AVAILABLE DATA =
◇ ◇ ◇ ◇ ◇ ◇ ◇

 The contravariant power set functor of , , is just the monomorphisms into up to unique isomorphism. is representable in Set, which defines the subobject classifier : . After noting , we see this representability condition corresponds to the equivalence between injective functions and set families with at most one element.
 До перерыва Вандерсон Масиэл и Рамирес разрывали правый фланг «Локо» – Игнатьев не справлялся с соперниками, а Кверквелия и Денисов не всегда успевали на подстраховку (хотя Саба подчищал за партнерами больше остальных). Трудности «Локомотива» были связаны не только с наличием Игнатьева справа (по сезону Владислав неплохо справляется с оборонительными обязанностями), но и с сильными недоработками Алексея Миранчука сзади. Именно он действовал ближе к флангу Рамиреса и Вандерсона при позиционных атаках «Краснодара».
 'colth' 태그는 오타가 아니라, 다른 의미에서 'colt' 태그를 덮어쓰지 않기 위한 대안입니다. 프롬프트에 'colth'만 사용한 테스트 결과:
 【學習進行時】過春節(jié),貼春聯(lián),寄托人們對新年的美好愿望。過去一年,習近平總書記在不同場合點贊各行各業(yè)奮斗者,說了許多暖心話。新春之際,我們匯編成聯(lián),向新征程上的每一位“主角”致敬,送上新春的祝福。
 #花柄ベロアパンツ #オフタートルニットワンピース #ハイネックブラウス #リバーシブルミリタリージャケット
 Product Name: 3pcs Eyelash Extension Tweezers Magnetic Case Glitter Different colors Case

◇ ◇ ◇ ◇ ◇ ◇ ◇

GOAL OF THE EXERCISE = Each line of the data is to be transcribed exactly.

YOUR RESPONSE =
 The contravariant power set functor of , , is just the monomorphisms into up to unique isomorphism. is representable in Set, which defines the subobject classifier : . After noting , we see this representability condition corresponds to the equivalence between injective functions and set families with at most one element.
 До перерыва Вандерсон Масиэл и Рамирес разрывали правый фланг «Локо» – Игнатьев не справлялся с соперниками, а Кверквелия и Денисов не всегда успевали на подстраховку (хотя Саба подчищал за партнерами больше остальных). Трудности «Локомотива» были связаны не только с наличием Игнатьева справа (по сезону Владислав неплохо справляется с оборонительными обязанностями), но и с сильными недоработками Алексея Миранчука сзади. Именно он действовал ближе к флангу Рамиреса и Вандерсона при позиционных атаках «Краснодара».
 'colth' 태그는 오타가 아니라, 다른 의미에서 'colt' 태그를 덮어쓰지 않기 위한 대안입니다. 프롬프트에 'colth'만 사용한 테스트 결과:
 【學習進行時】過春節(jié),貼春聯(lián),寄托人們對新年的美好愿望。過去一年,習近平總書記在不同場合點贊各行各業(yè)奮斗者,說了許多暖心話。新春之際,我們匯編成聯(lián),向新征程上的每一位“主角”致敬,送上新春的祝福。
 #花柄ベロアパンツ #オフタートルニットワンピース #ハイネックブラウス #リバーシブルミリタリージャケット
 Product Name: 3pcs Eyelash Extension Tweezers Magnetic Case Glitter Different colors Case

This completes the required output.